Your goal:
Without including any picture, return the complete set of records exactly.

Stored items from a collection:

=-=-=

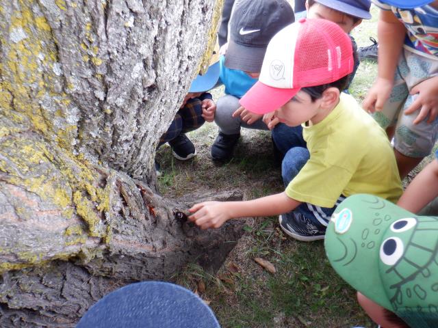 ゆりさんがカブトムシを放すところをみんなで見て、お別れをしてきました。元気に木を登っていって一安心。元気でね!
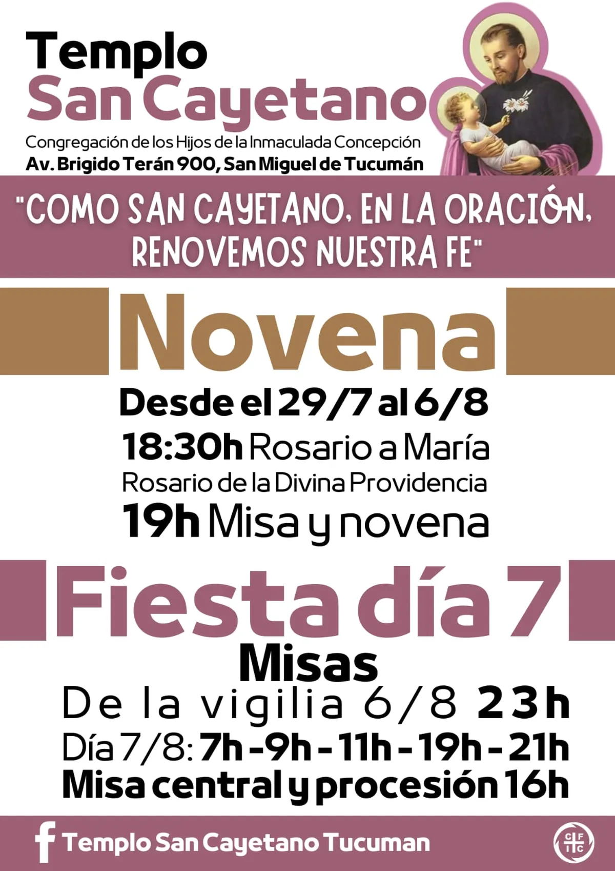 Las actividades se harán bajo el lema «Como San Cayetano, en la oración, renovemos nuestra fe».
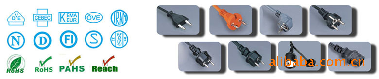 主要電源線規格有: H03VVH2-F/H03V2V2H2-F、H05VVH2-F/H05V2V2H2-F、H05VV-F/H05V2V2-F、H03VV-F/H03V2V2-F、H03VVH8/H03V2V2H8-F/H05VVH8-F/H05V2V2H8-F、H05RR-F、H05RN-F、H07RN-F 、SPT-1、NISPT-1、SPT-2、NISPT-2、SPT-3、SVT、SVTO、ST/STW/STO、SJ、SJO、SJOW、SJOOW、SJT、SJTW、SJTO、SJTOW、VFF、VCTF、VCTFK、227 IEC 52(RVV)、227 IEC 53(RVV)245 IEC 57(YZW)、245 IEC 53(YZ)、245 IEC 66(YCW)、YZWB等
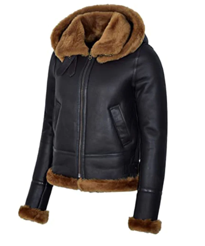 Women's Sheepskin Leather Jacket In Black With Hood
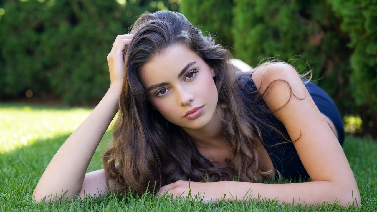A young woman with long wavy brown hair lies on her stomach on green grass in a sunny outdoor setting. She wears a dark sleeveless top and rests her head on one hand while gazing at the camera. Lush green bushes form the background behind her.
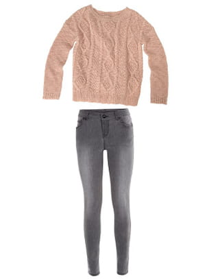 Un look tout doux avec un jean de New Look et un pull de Monoprix © SdP New Look / Monoprix
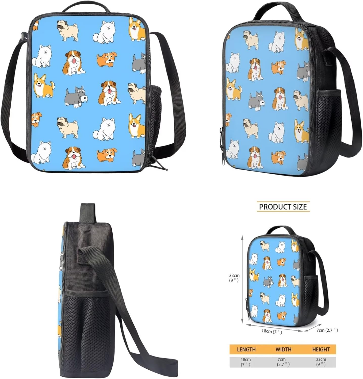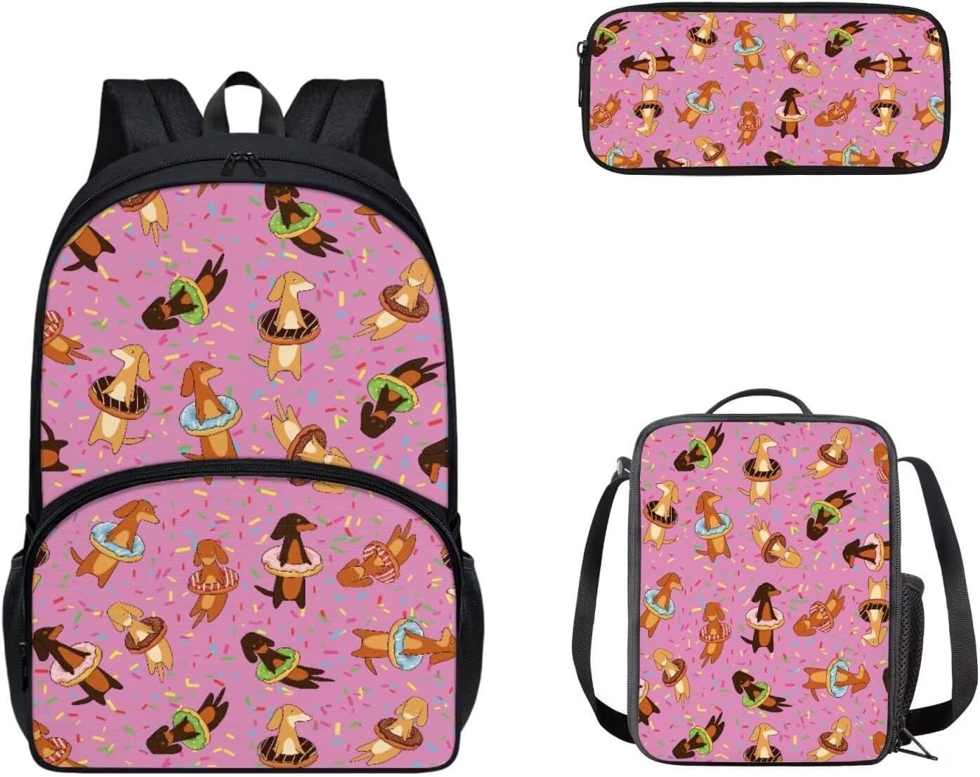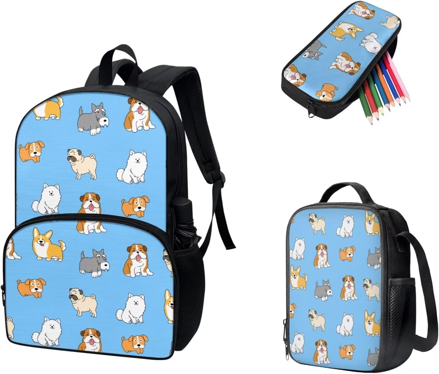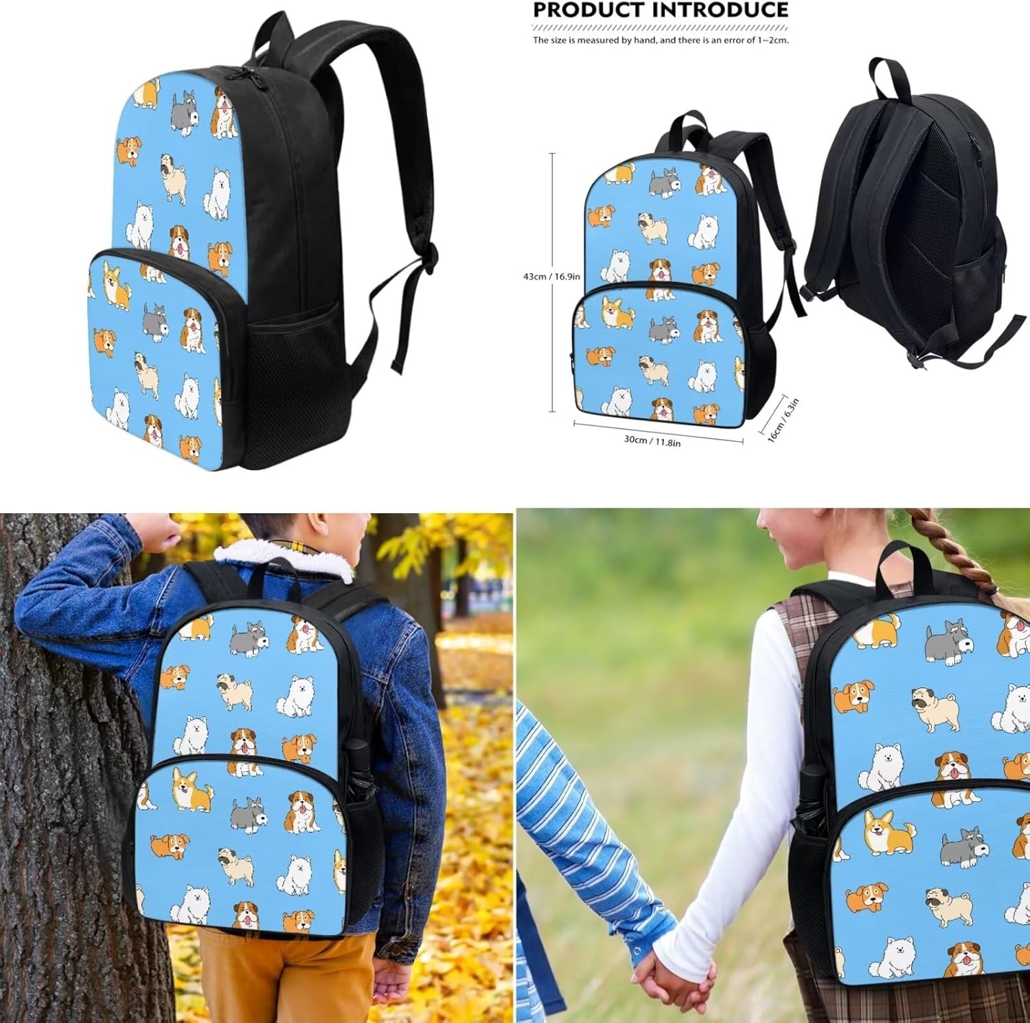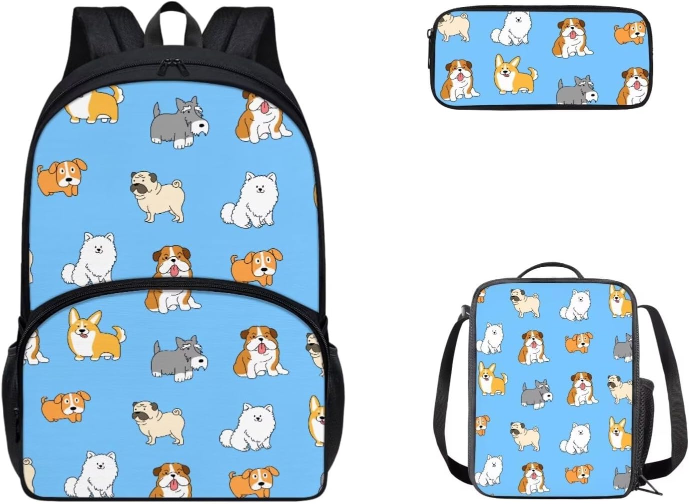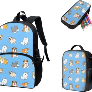doginthehole School Backpack for Girls Boys 17inch School Bag Kawaii Dogs Pattern Bookbag 3 in 1 Set with Lunch Box and Pencil Bag Cute Animal Print
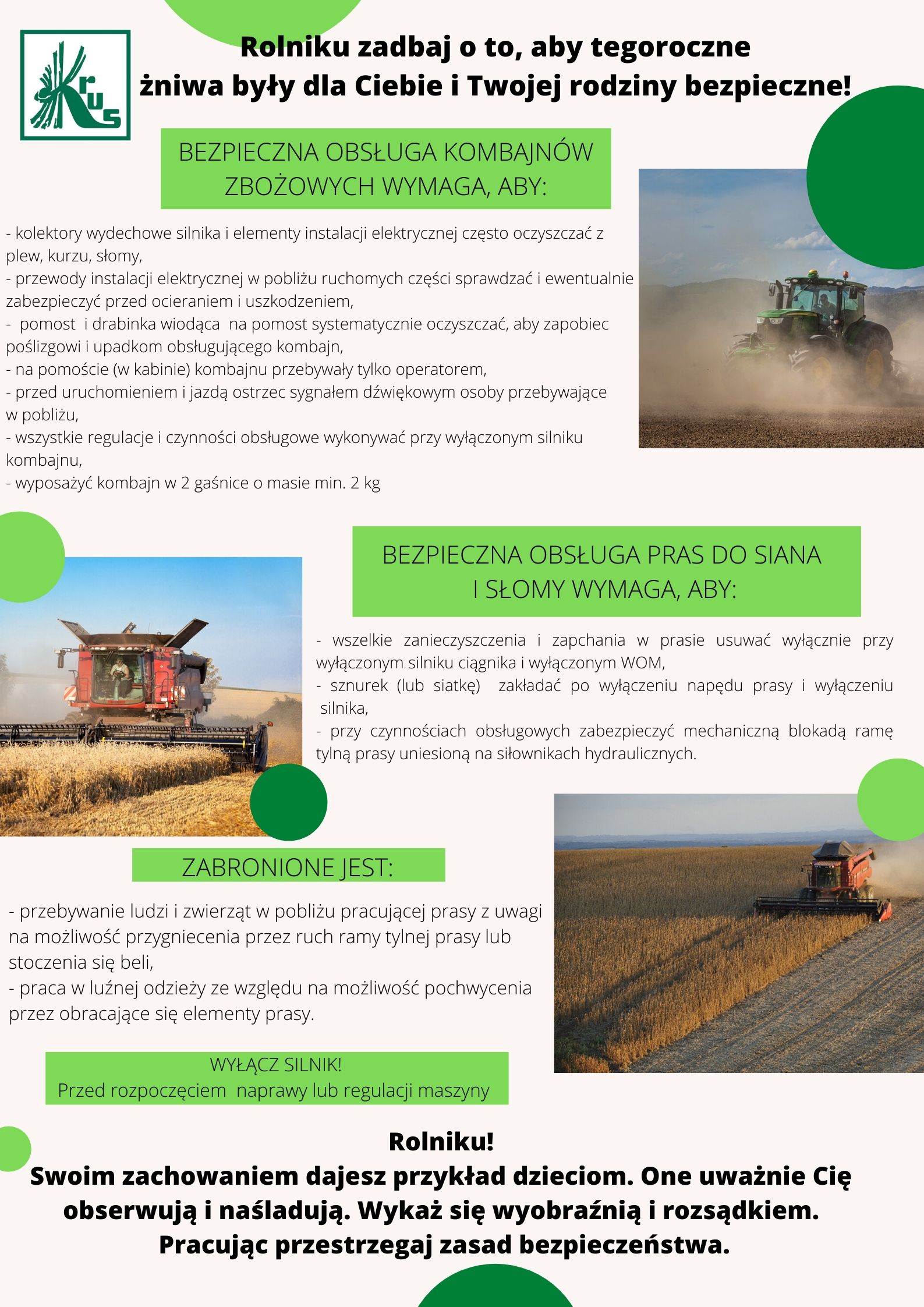 Akcja „Bezpieczne żniwa” ma na celu uświadomienie rolnikom zagrożeń występujących podczas żniw, a także przy obsłudze maszyn oraz urządzeń w gospodarstwie rolnym.
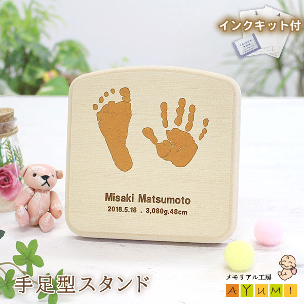 【全商品『10%OFF』クーポン配布中!! 12/1限定】赤ちゃん 手形 足形 木製 スタンド オーダーメイド 日本製 インク キット付 おしゃれ 命名書 手型 足型 実寸大 名入れ 新生児 0歳 出産祝い 内祝い 記念 プレゼント キーホルダー オリジナル【天使の足跡】(手足型スタンド)
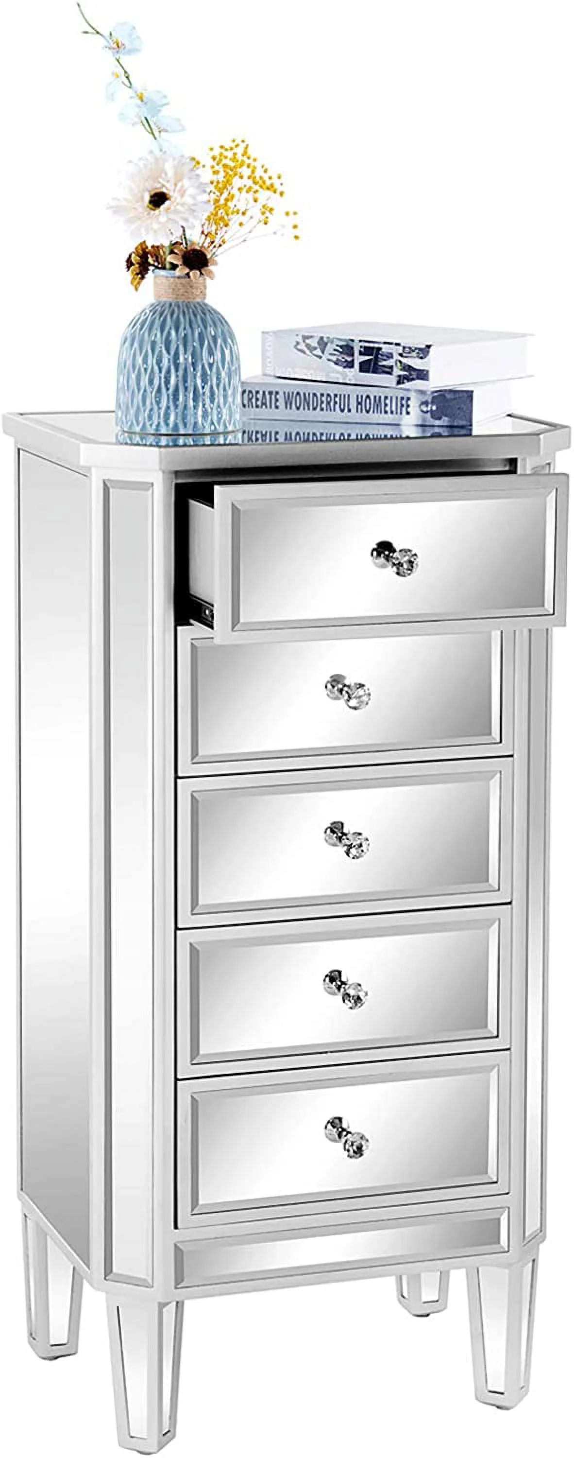 TJUNBOLIFE Mirrored Dresser 5 Drawers Modern Chest for Bedroom Dressing Room Living Room

=-=-=

Completed task:
 ゆりさんがカブトムシを放すところをみんなで見て、お別れをしてきました。元気に木を登っていって一安心。元気でね!
 Las actividades se harán bajo el lema «Como San Cayetano, en la oración, renovemos nuestra fe».
 主要電源線規格有: H03VVH2-F/H03V2V2H2-F、H05VVH2-F/H05V2V2H2-F、H05VV-F/H05V2V2-F、H03VV-F/H03V2V2-F、H03VVH8/H03V2V2H8-F/H05VVH8-F/H05V2V2H8-F、H05RR-F、H05RN-F、H07RN-F 、SPT-1、NISPT-1、SPT-2、NISPT-2、SPT-3、SVT、SVTO、ST/STW/STO、SJ、SJO、SJOW、SJOOW、SJT、SJTW、SJTO、SJTOW、VFF、VCTF、VCTFK、227 IEC 52(RVV)、227 IEC 53(RVV)245 IEC 57(YZW)、245 IEC 53(YZ)、245 IEC 66(YCW)、YZWB等
 Women's Sheepskin Leather Jacket In Black With Hood
A young woman with long wavy brown hair lies on her stomach on green grass in a sunny outdoor setting. She wears a dark sleeveless top and rests her head on one hand while gazing at the camera. Lush green bushes form the background behind her.
 Un look tout doux avec un jean de New Look et un pull de Monoprix © SdP New Look / Monoprix
doginthehole School Backpack for Girls Boys 17inch School Bag Kawaii Dogs Pattern Bookbag 3 in 1 Set with Lunch Box and Pencil Bag Cute Animal Print
 Akcja „Bezpieczne żniwa” ma na celu uświadomienie rolnikom zagrożeń występujących podczas żniw, a także przy obsłudze maszyn oraz urządzeń w gospodarstwie rolnym.
 【全商品『10%OFF』クーポン配布中!! 12/1限定】赤ちゃん 手形 足形 木製 スタンド オーダーメイド 日本製 インク キット付 おしゃれ 命名書 手型 足型 実寸大 名入れ 新生児 0歳 出産祝い 内祝い 記念 プレゼント キーホルダー オリジナル【天使の足跡】(手足型スタンド)
 TJUNBOLIFE Mirrored Dresser 5 Drawers Modern Chest for Bedroom Dressing Room Living Room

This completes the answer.